33rd Governor of the Department of Cesar
- In office January 1, 2008 – December 31, 2011
- Preceded by: Hernando Molina Araujo

Personal details
- Born: September 22, 1970 (age 55) Bogotá, Colombia
- Party: Green Party of Colombia Option Center
- Profession: Lawyer, politician

= Cristian Moreno Panezo =

Colombian politician (born 1970)

Cristian Moreno Panezo (born 22 September 1970) is a Colombian politician and lawyer from the Universidad del Atlantico with a specialization in constitutional law from the National University of Colombia. On 28 October 2007, Moreno was elected as Governor of Cesar Department for the period of 2008 to 2011. He became the first independent candidate to win in the Cesar Department.

==Early years==

Moreno started his political career after running for the Department Assembly of Cesar (Asamblea Departamental del Cesar) and was elected deputy, for which he served one term. He was later appointed Regional Director of the National Service of Apprenticeship (Servicio Nacional de Aprendizaje, SENA) in Valledupar and later as advisor to the IberoAmerican States Organization (Organización de Estados Iberoamericanos, OEI).

==First candidacy for Governor of Cesar Department==

Moreno became notable in the local politics of Cesar Department during the 2003 Colombian regional and municipal elections, when he ran for the governorship of Cesar Department against Hernando Molina Araújo and Abraham Jose Romero. During these elections, paramilitary groups associated to the United Self-Defense Forces of Colombia (AUC) and led by Rodrigo Tovar Pupo threatened him and Romero in order to benefit candidate Molina, who was the candidate of their choice. Both candidates retreated from the race, alleging that the electoral process was rigged.

==Second candidacy for Governor of Cesar Department==

In 2007, Moreno postulated his name again for the governorship of Cesar Department during the 2007 Colombian regional and municipal elections representing the Opción Centro of the Green Alliance party. On 24 September 2007, Moreno signed an agreement with the Alternative Democratic Pole (PDA) and summoned political forces in Cesar Department.
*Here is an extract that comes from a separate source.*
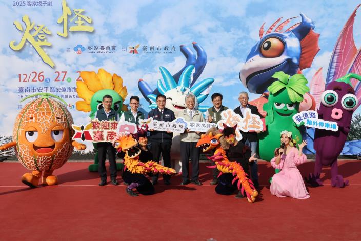 由行政院客家委員會攜手紙風車劇團全新打造的2025客家親子劇《燈怪》,將於12月26日至28日連續三天、每晚7時,在台南市安平區安億路路外停車場盛大演出。台南市政府今(17)日於永華市政中心舉辦宣傳記者會,市長黃偉哲親自出席推薦,邀請市民朋友前來安平「打怪」,一同感受奇幻又溫暖的客家文化魅力。
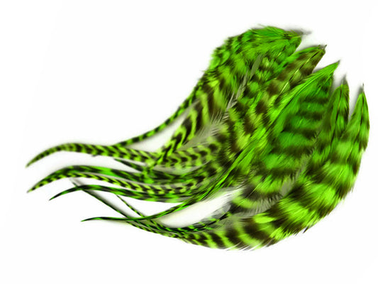 1 Dozen - Short Lime Green Grizzly Whiting Farm Rooster Saddle Hair Extension Feathers

On 28 October 2007, Moreno was elected by the largest difference in an election for governor in the Cesar Department obtaining 140,789 votes against the candidates Arturo Calderón, 93,739 votes and Jaime Murgas Arzuaga with 47,746 votes. He became the first independent candidate to win in the Cesar Department history, traditionally dominated by traditional parties such as the Liberal and Conservative parties.